The pictures in the listing below are to be skipped, while the lines between the line holding "Board of Directors" and the line holding "图片趋势描述:从数据趋势分析", inclusive, are to be output exactly.

- [DATASET RECORDS]

══════════

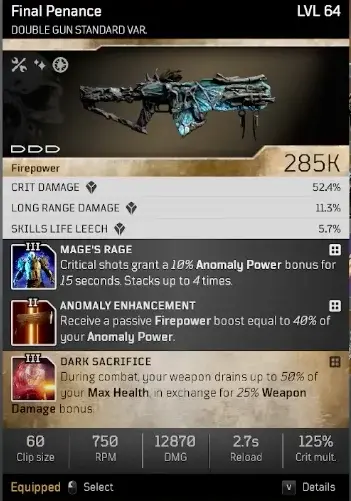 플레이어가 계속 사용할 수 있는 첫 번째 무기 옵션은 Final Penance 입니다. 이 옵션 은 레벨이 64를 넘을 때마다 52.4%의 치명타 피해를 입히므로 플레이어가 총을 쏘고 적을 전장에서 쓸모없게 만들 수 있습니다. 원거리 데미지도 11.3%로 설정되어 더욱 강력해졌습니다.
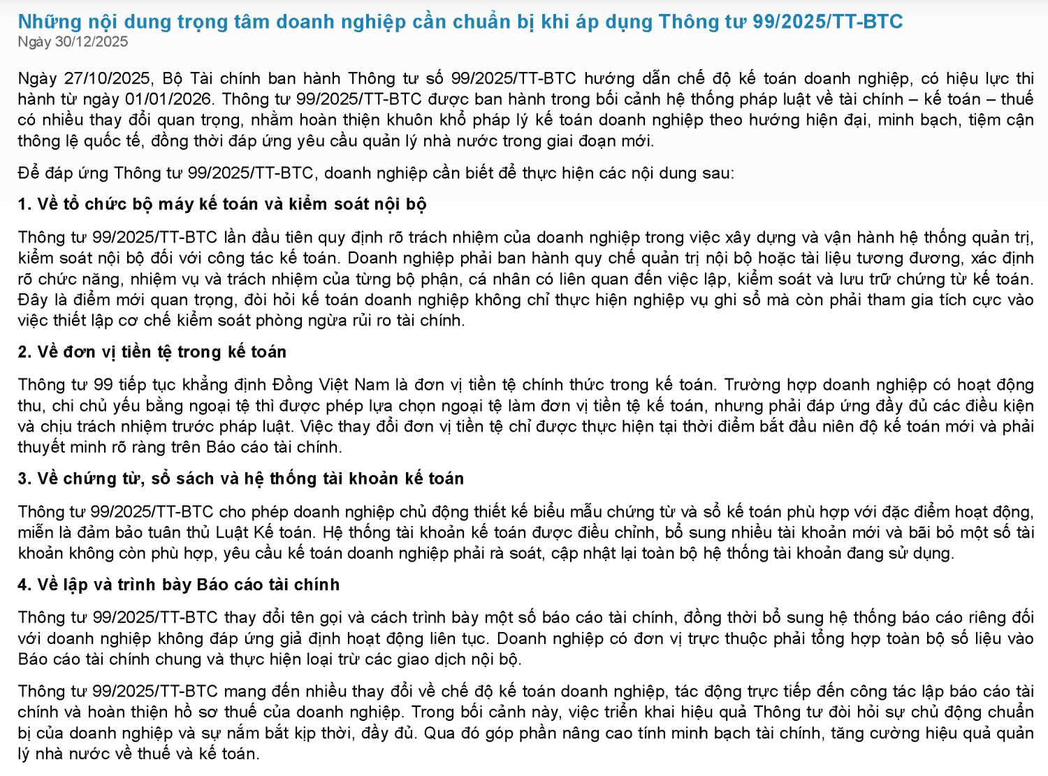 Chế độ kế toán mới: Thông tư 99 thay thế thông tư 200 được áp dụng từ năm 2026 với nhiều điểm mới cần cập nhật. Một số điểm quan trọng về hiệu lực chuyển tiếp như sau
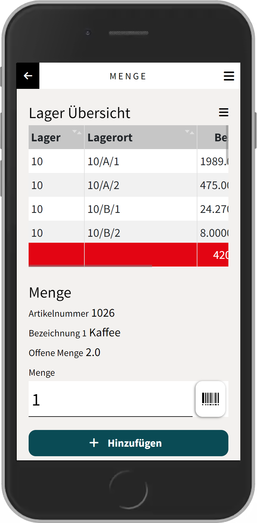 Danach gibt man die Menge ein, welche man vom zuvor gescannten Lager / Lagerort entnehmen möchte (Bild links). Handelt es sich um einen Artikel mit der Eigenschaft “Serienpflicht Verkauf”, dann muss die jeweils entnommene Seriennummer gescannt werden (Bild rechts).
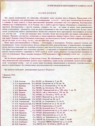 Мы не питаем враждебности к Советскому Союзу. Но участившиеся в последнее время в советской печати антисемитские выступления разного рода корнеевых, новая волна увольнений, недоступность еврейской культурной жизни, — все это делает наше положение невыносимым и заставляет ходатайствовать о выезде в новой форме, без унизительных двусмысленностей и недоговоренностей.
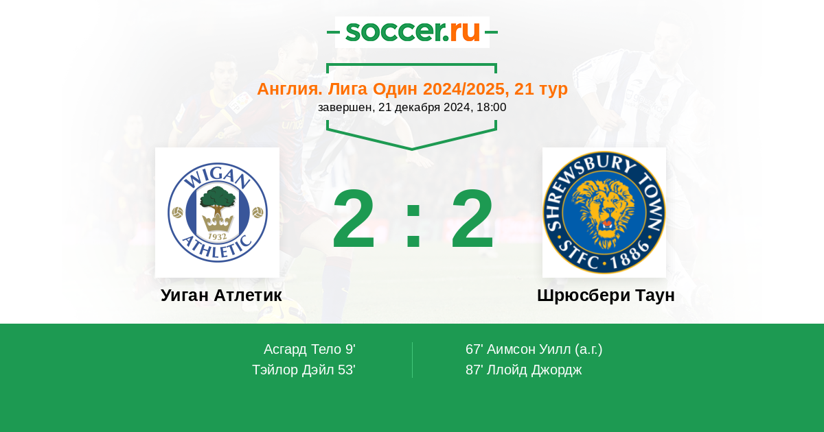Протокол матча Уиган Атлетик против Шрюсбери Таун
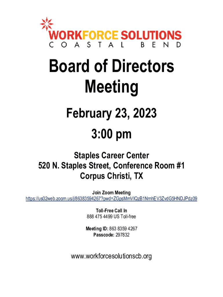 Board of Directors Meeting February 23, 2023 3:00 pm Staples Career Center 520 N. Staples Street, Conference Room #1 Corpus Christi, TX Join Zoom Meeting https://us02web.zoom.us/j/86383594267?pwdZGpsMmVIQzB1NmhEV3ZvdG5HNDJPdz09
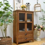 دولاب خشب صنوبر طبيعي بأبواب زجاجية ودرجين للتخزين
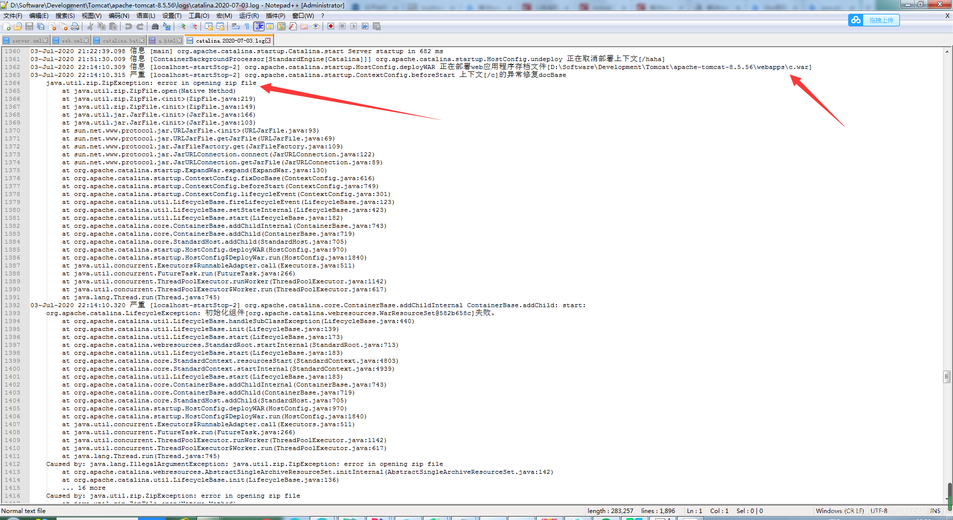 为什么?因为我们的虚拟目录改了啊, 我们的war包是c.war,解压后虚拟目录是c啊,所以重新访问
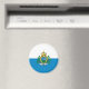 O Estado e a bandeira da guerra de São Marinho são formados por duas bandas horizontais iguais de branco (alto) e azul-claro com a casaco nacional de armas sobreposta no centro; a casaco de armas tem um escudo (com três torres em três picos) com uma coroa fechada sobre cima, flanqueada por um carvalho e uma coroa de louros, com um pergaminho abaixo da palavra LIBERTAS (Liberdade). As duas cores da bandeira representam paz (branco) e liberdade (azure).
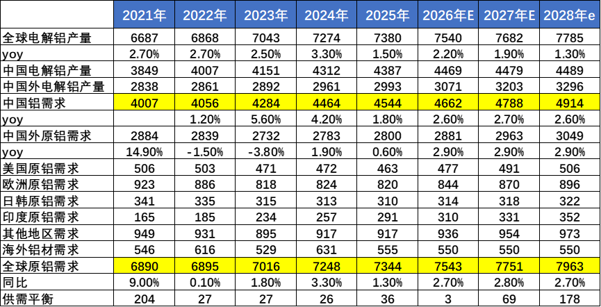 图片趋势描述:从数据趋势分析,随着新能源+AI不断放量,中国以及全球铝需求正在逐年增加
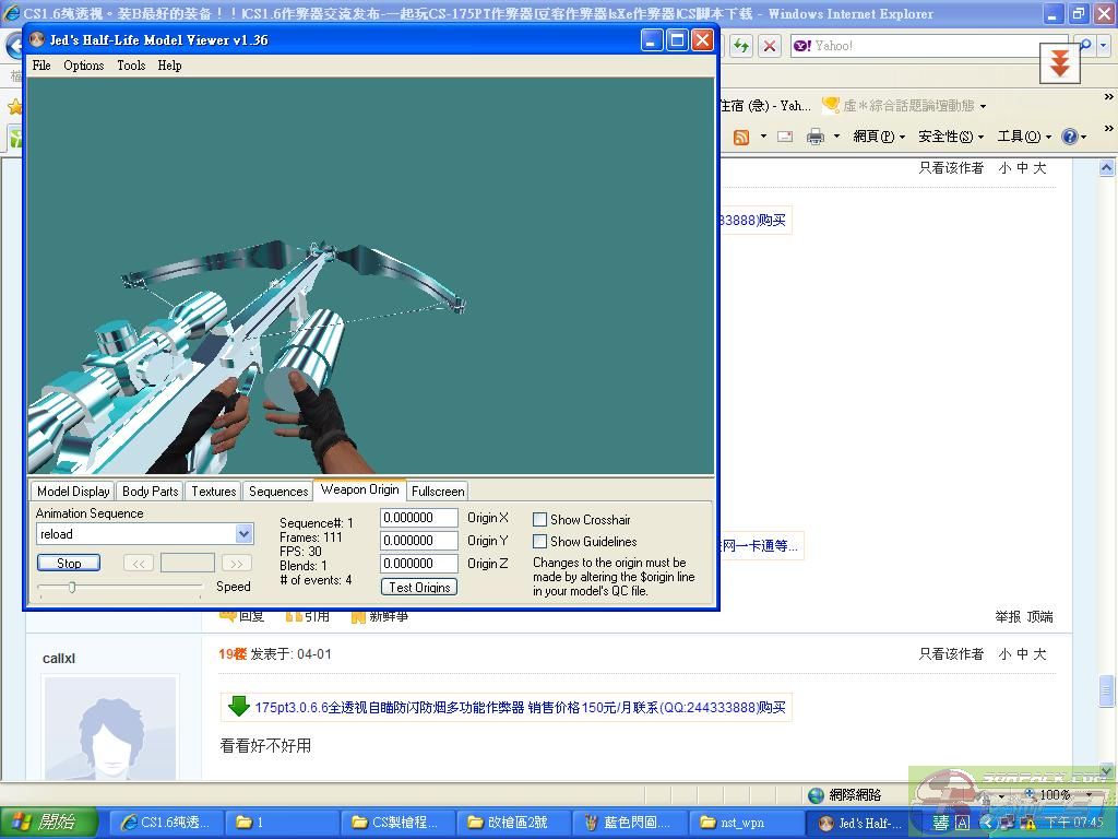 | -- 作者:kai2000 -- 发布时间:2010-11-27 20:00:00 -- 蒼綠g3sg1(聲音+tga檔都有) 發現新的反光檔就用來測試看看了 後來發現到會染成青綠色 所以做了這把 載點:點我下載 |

══════════

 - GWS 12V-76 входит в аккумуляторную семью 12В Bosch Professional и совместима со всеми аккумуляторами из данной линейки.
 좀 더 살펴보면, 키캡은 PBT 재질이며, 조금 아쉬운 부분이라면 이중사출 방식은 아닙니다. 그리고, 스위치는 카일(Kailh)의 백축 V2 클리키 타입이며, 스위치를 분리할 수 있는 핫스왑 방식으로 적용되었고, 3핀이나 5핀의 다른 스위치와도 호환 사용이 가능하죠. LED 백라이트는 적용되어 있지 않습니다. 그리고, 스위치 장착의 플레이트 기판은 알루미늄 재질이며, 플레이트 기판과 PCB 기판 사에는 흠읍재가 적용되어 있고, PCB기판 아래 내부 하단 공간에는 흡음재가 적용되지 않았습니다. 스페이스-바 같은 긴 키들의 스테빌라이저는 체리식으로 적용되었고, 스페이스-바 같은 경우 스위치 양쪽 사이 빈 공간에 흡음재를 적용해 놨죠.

══════════

- [WRITTEN ANSWER]
 Board of Directors Meeting February 23, 2023 3:00 pm Staples Career Center 520 N. Staples Street, Conference Room #1 Corpus Christi, TX Join Zoom Meeting https://us02web.zoom.us/j/86383594267?pwdZGpsMmVIQzB1NmhEV3ZvdG5HNDJPdz09
 دولاب خشب صنوبر طبيعي بأبواب زجاجية ودرجين للتخزين
 为什么?因为我们的虚拟目录改了啊, 我们的war包是c.war,解压后虚拟目录是c啊,所以重新访问
 O Estado e a bandeira da guerra de São Marinho são formados por duas bandas horizontais iguais de branco (alto) e azul-claro com a casaco nacional de armas sobreposta no centro; a casaco de armas tem um escudo (com três torres em três picos) com uma coroa fechada sobre cima, flanqueada por um carvalho e uma coroa de louros, com um pergaminho abaixo da palavra LIBERTAS (Liberdade). As duas cores da bandeira representam paz (branco) e liberdade (azure).
 图片趋势描述:从数据趋势分析,随着新能源+AI不断放量,中国以及全球铝需求正在逐年增加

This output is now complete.